Protection of Freedom of Conscience ActPrivate Members' Business

11:20 a.m.

St. Catharines Ontario

Liberal

Chris Bittle LiberalParliamentary Secretary to the Minister of Canadian Heritage

Madam Speaker, leaving aside that this bill is likely within provincial jurisdictions regulating medical professionals, or professionals in general, and leaving aside it makes medical assistance in dying more difficult to access, I guess my question is in regards to other professions.

As a lawyer, and there was another lawyer sitting behind the hon. member, I was required to provide referrals to any client who came before me who I had a conflict with, or who I did not want to deal with. Law, like the medical profession, is a highly regulated profession. Why should doctors have that advantage over other professions when their patents' rights to access medical assistance in dying are at stake?

Protection of Freedom of Conscience ActPrivate Members' Business

11:25 a.m.

Conservative

Kelly Block Conservative Carlton Trail—Eagle Creek, SK

Madam Speaker, I reject the premise that Canadians' access to MAID is at stake.

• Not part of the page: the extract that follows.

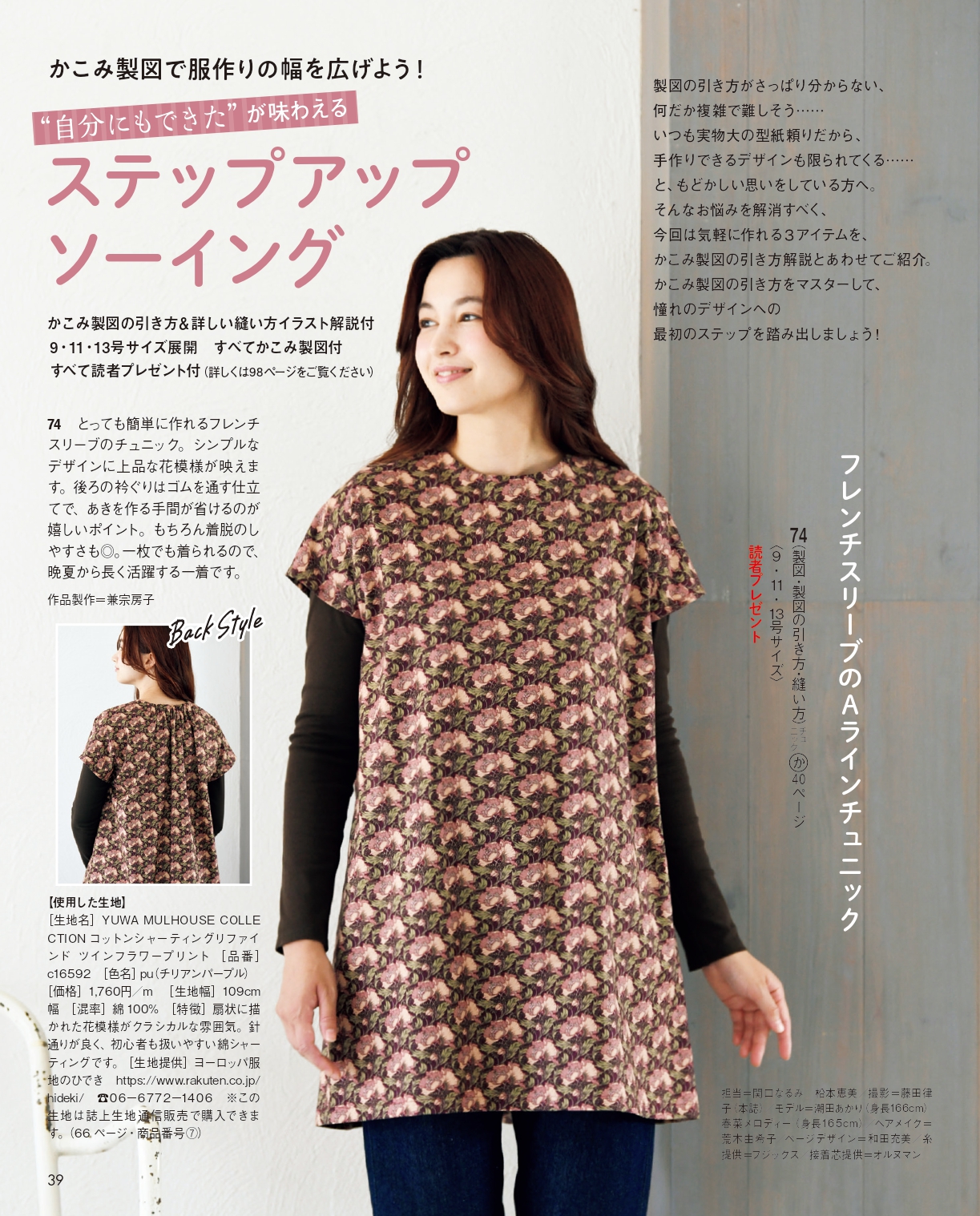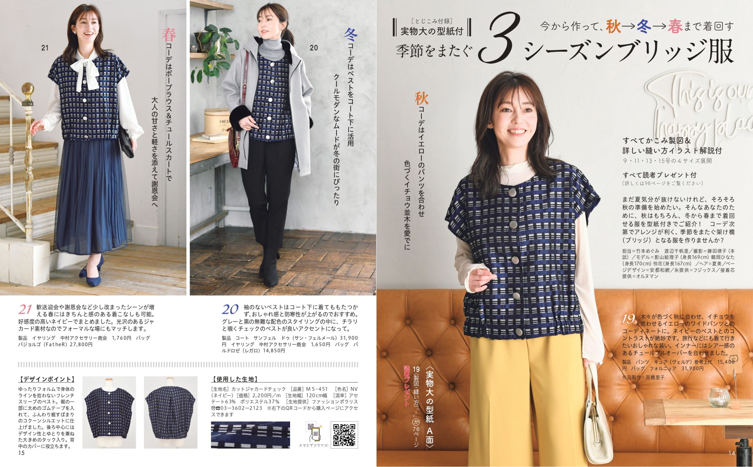 うんざりするような暑い夏の終わりを感じたら、秋に向けて服作りを始めませんか? 春夏に比べて作ることをためらいがちな秋冬服。せっかく作るなら着こなし方次第で秋だけでなく、冬にも春にも着られる服はどうでしょう? 小粋なレイヤードスタイルが楽しめるベスト、大人のデイリーウエアにぴったりのダンガリーシャツ、アーティスティックな花柄のワンピース、トレンド感のあふれるコクーンパンツの4型を、9〜15号サイズの実物大の型紙&詳しい縫い方解説付きでお届けします!

I just made the case that there is access to MAID in many circumstances in every province. I am a strong believer in the distinct jurisdictions of the federal and provincial government in Canada. That is why the bill that I have introduced respects the role of the provinces in the provision of health care and does not interfere with that in any way.

As I noted in my speech, the bill amends the Criminal Code, which falls under the jurisdiction of the federal government. I would encourage all provincial legislatures and Parliament to consider enacting protection for freedom of conscience acts.

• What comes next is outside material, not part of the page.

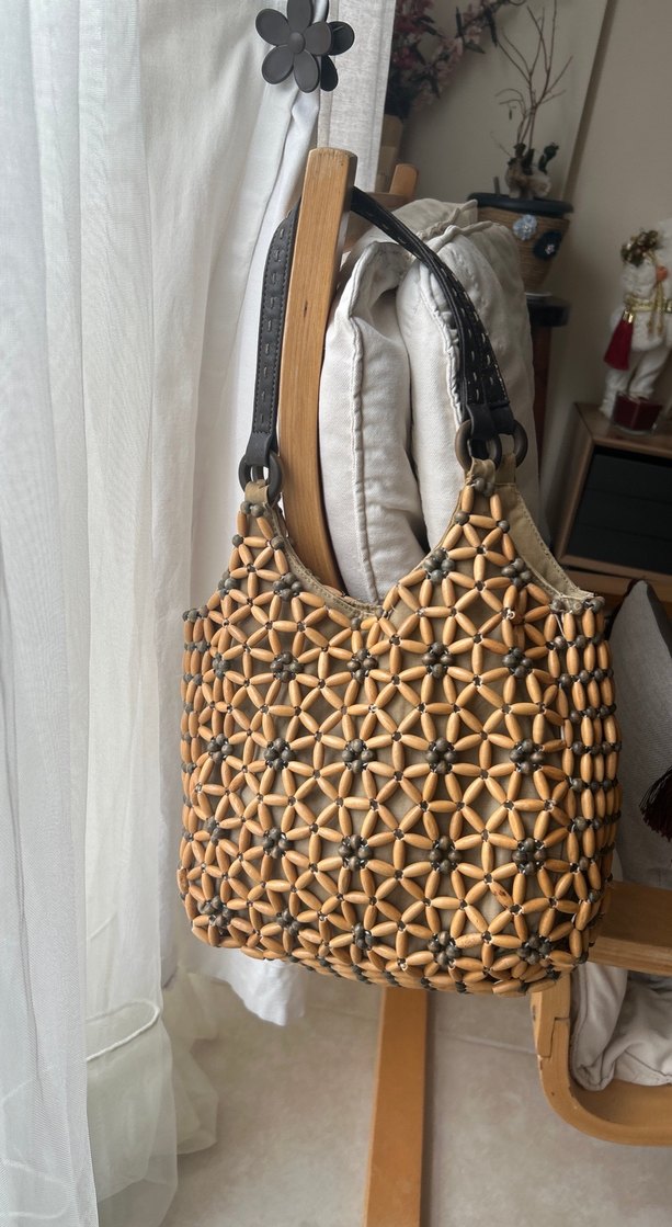 Bej Deri Tokalı Bohem Desenli Kadın Çanta - Görsel 8

Protection of Freedom of Conscience ActPrivate Members' Business

11:25 a.m.

Bloc

Claude DeBellefeuille Bloc Salaberry—Suroît, QC

Madam Speaker, I am not convinced by the argument about the basic premise of this bill.

For example, in Quebec, we have a law that protects freedom of conscience for all professionals. Anyone who is a member of a professional association in Quebec has the opportunity to exercise their freedom of conscience and require it be respected.

I am a social worker and a member of the professional association of social workers. I have been a support person for people who chose to receive medical assistance in dying. I can assure the member that, in Quebec, any professional who does not feel comfortable supporting a person who made this choice can easily refuse to do so. The same thing applies to doctors.

Can my colleague explain to me what more this bill, which in my opinion infringes on Quebec's jurisdiction, does for people who want to die with dignity in Quebec?

Protection of Freedom of Conscience ActPrivate Members' Business

11:25 a.m.

Conservative

Kelly Block Conservative Carlton Trail—Eagle Creek, SK

Madam Speaker, one of the most common threads we heard throughout the testimony from experts on Bill C-7 was that there was a need for national conscience rights.

The committee heard from patients rights groups, lawyers, disabilities rights experts, medical ethicists, indigenous leaders, imams, rabbis and priests, as well as individuals who provided testimony of their own personal experiences, which are very different than the one that the member spoke to.

I have also received emails from physicians from across the country who are deeply concerned about their ability to continue practising as a result of, and from those who have experienced, intimidation and coercion to participate in the provision of MAID.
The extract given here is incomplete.